[Stored data]
--- START ---
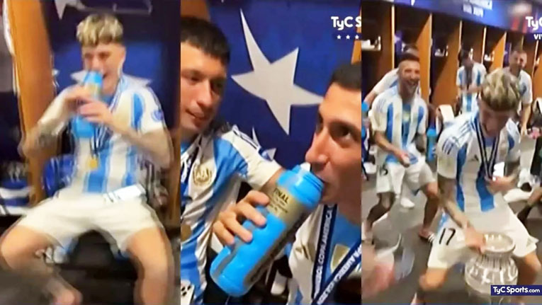 Leandro Paredes fue el encargado de armar el ’viajero’ que iba pasado de mano en mano entre los jugadores, que por momentos se sentaban y en otros se levantan para saltar y cantar ante la arenga de alguno de ellos. Ahí se pudo ver un particular baile de Garnacho, meneando sobre el trofeo de la Copa América, que posaba en el centro de la escena. También Otamendi lo hizo tomar fernet al juvenil de 20 años, que logró su primer título desde que decidió ser argentino.
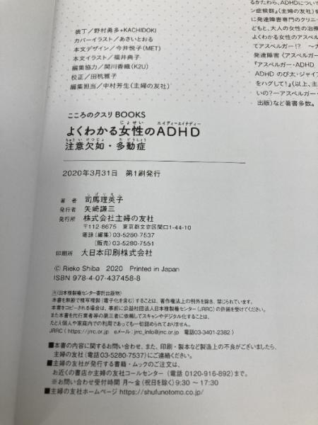 【※カバー無し】こころのクスリBOOKS よくわかる女性のADHD 注意欠如・多動症 主婦の友社 司馬 理英子
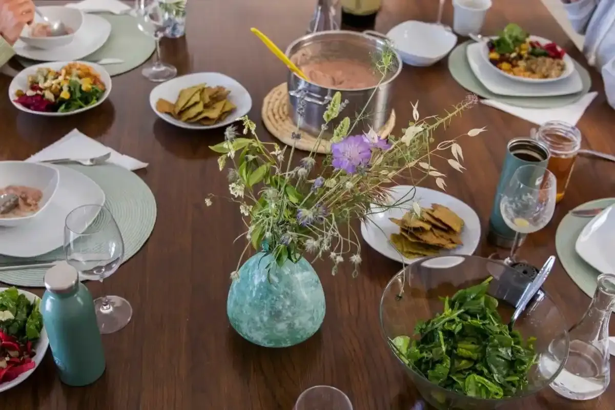 Unsere Küche basiert auf frischen, saisonalen Zutaten von lokalen Produzenten. Du genießt täglich zwei Hauptmahlzeiten sowie Snacks — überwiegend vegetarisch und vegan, mit glutenfreien Optionen. Den ganzen Tag über stehen dir außerdem Kaffee, Tee, Obst und Snacks zur Verfügung.
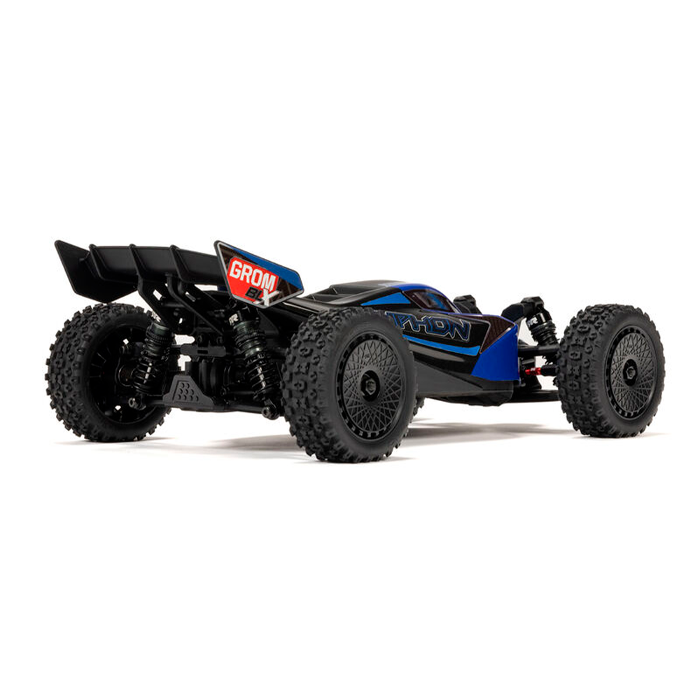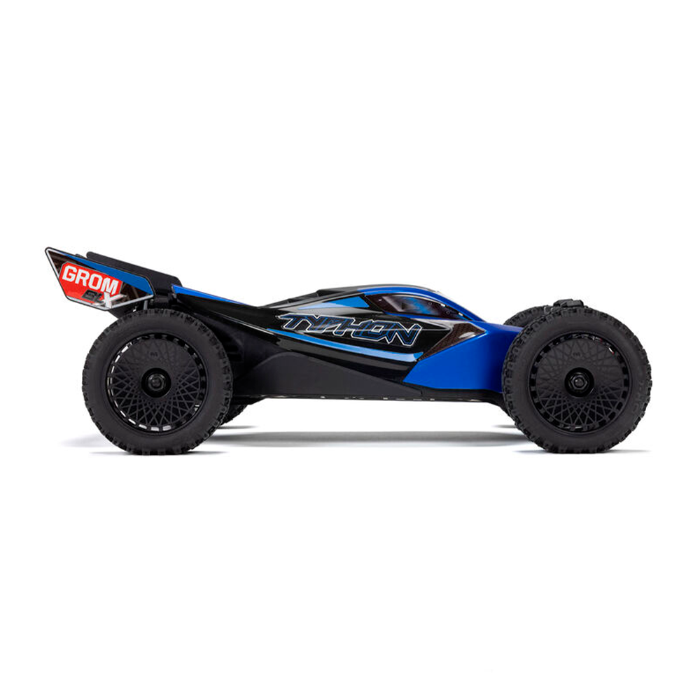- ARRMA raised the performance of low-cost, small-scale RC buggies to the next level with the fast, tough TYPHON GROM. Agile and responsive like the 1/8 scale TYPHON, the little GROM goes places that bigger buggies can't, allowing anyone to enjoy amped-up ARRMA bashing almost anywhere. Now ARRMA introduces the brushless TYPHON GROM 223S BLX – and for new drivers who have big plans for the future, it's the best choice of basher to grow on.
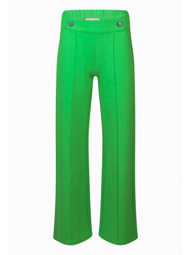 Deze broek heeft wijde pijpen en een opnaad die over de bovenkant van het been loopt.
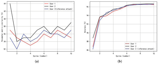 Model training with a user that conducted an inference attack. (a) The similarity of the parameter matrices. (b) The model accuracy.
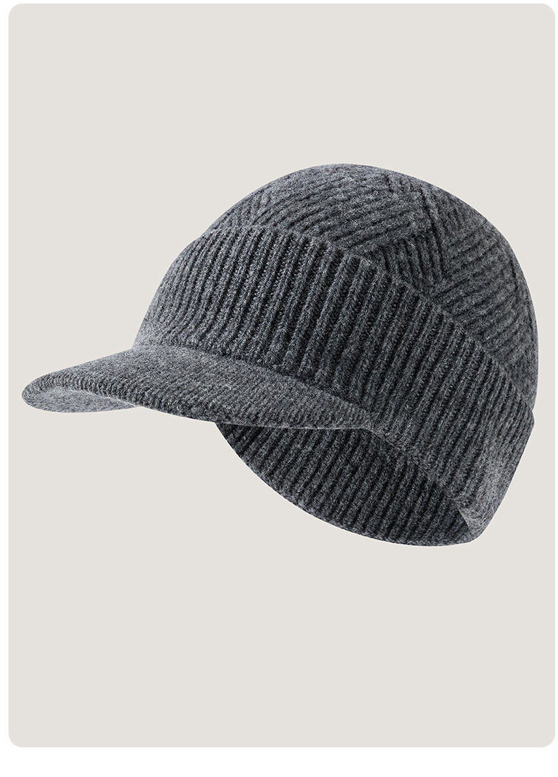 크로스보더 가을 겨울 방한 모자 남성용 블랙 풀오버 피크 캡, 큰 머리 둘레, 깊은 벨벳 따뜻한 모직 니트 모자
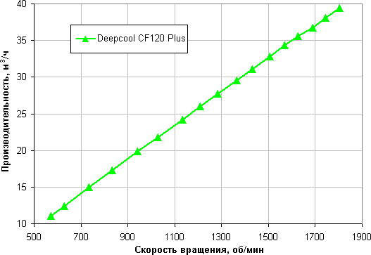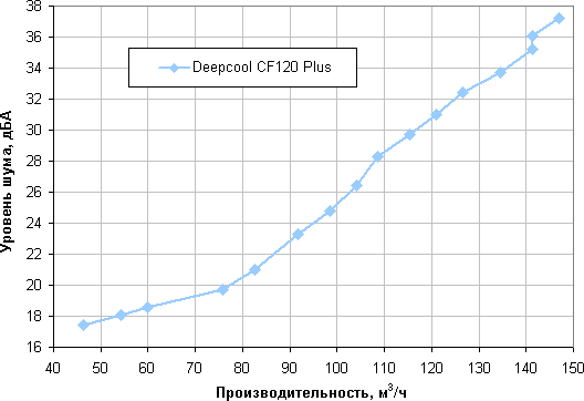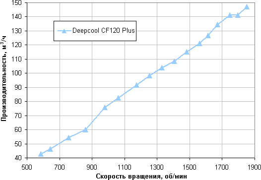 Напомним, что в этом тесте мы создаем некое аэродинамическое сопротивление (весь поток воздуха проходит через крыльчатку анемометра), поэтому полученные значения отличаются в меньшую сторону от максимальной производительности в характеристиках вентилятора, так как последняя приводится для нулевого статического давления (отсутствует аэродинамическое сопротивление).
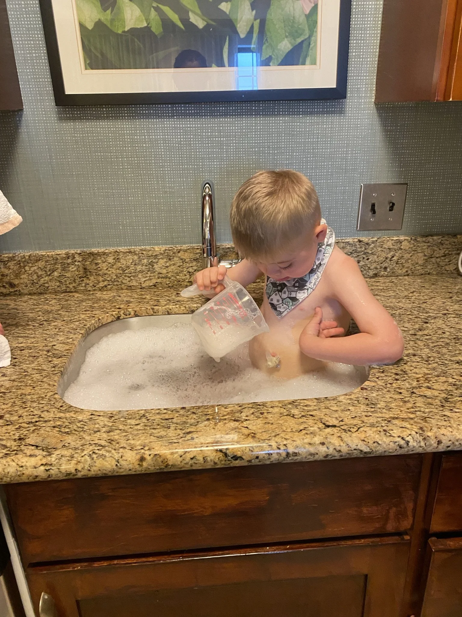 Our hotel didn't have a bathtub so we had to improvise. Sam thought taking a bath in the kitchen sink was great. It was a lot less stressful for Sean and I too, because Sam LOVES the water. If he was able, I think he would have his head under the water all the time. He has no idea what would happed if he completely submerged himself in water. He is very brave around water and is constantly trying to put in head under, which makes bath time and water in general, pretty stressful for us. My heart skips a beat when I think of Sam without a trach and the day he can completely submerge himself in water. I think he will be a fish. Oh happy day.
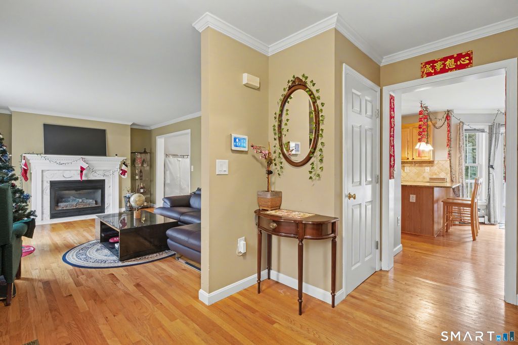 Welcome to this beautifully maintained Colonial nestled in a desirable and established neighborhood in Mystic/Groton. Offering 3 bedrooms, 2.5 bathrooms, and a versatile additional room, this home is truly move-in ready. The main level features gleaming hardwood floors and elegant crown molding throughout, highlighted by a cozy gas fireplace with a marble surround in the living room. The spacious eat-in kitchen is equipped with granite countertops and sliding doors that fill the space with natural light while providing seamless access to the outdoor living area-perfect for entertaining. Upstairs, you'll find newly installed hardwood flooring, a generous primary suite with a walk-in closet and full bath, along with two additional bedrooms and a flexible bonus room to suit your needs. Additional features include central air, generator hookup, composite decking, and an attached garage. Conveniently located near local amenities, shopping, and major routes, this home offers both comfort and convenience.
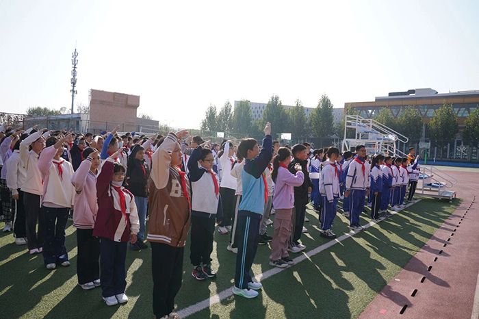 2025年10月13日,秋阳和煦,金风送爽。北京钱学森中学全体师生齐聚操场,举行了一场庄严而富有深意的升旗仪式。伴随着雄壮的《义勇军进行曲》,鲜艳的五星红旗冉冉升起,迎风飘扬。全体师生肃立行注目礼,崇高的爱国情怀与作为钱学森传人的使命感在每个人心中激荡。此次仪式恰逢人民科学家钱学森归国70周年,师生们以国旗为证,重温钱学森精神,共话新时代青年的责任与理想。
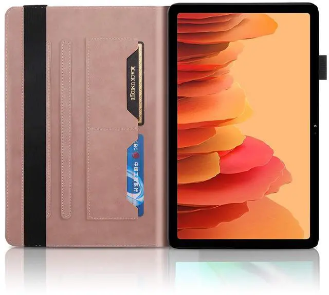 Product description: Durable and high-quality artificial leather, soft inner fiber and elastic band of the shell can strengthen the protection of the tablet and prevent your tablet from damage and scratches. Samsung Galaxy Tab A7 2022/2020 case with a stand function allows you to safely adjust the Galaxy Tab A7 to multiple angles, freeing your hands for entertainment or work; The card pocket can conveniently store credit cards, business cards, bills, etc. during travel. The pen holder perfectly fits the touch screen pen, which is easy to carry around. Perfect cutting allows the use of all functions and buttons, including ports, speakers, etc. Can be easily inserted or removed.
--- END ---
▶ Task to complete
Repeat the lines above, starting at the first and stopping after the line that holds "Напомним, что в", with the pictures left out.

▶ Answer box
 Leandro Paredes fue el encargado de armar el ’viajero’ que iba pasado de mano en mano entre los jugadores, que por momentos se sentaban y en otros se levantan para saltar y cantar ante la arenga de alguno de ellos. Ahí se pudo ver un particular baile de Garnacho, meneando sobre el trofeo de la Copa América, que posaba en el centro de la escena. También Otamendi lo hizo tomar fernet al juvenil de 20 años, que logró su primer título desde que decidió ser argentino.
 【※カバー無し】こころのクスリBOOKS よくわかる女性のADHD 注意欠如・多動症 主婦の友社 司馬 理英子
 Unsere Küche basiert auf frischen, saisonalen Zutaten von lokalen Produzenten. Du genießt täglich zwei Hauptmahlzeiten sowie Snacks — überwiegend vegetarisch und vegan, mit glutenfreien Optionen. Den ganzen Tag über stehen dir außerdem Kaffee, Tee, Obst und Snacks zur Verfügung.
- ARRMA raised the performance of low-cost, small-scale RC buggies to the next level with the fast, tough TYPHON GROM. Agile and responsive like the 1/8 scale TYPHON, the little GROM goes places that bigger buggies can't, allowing anyone to enjoy amped-up ARRMA bashing almost anywhere. Now ARRMA introduces the brushless TYPHON GROM 223S BLX – and for new drivers who have big plans for the future, it's the best choice of basher to grow on.
 Deze broek heeft wijde pijpen en een opnaad die over de bovenkant van het been loopt.
 Model training with a user that conducted an inference attack. (a) The similarity of the parameter matrices. (b) The model accuracy.
 크로스보더 가을 겨울 방한 모자 남성용 블랙 풀오버 피크 캡, 큰 머리 둘레, 깊은 벨벳 따뜻한 모직 니트 모자
 Напомним, что в этом тесте мы создаем некое аэродинамическое сопротивление (весь поток воздуха проходит через крыльчатку анемометра), поэтому полученные значения отличаются в меньшую сторону от максимальной производительности в характеристиках вентилятора, так как последняя приводится для нулевого статического давления (отсутствует аэродинамическое сопротивление).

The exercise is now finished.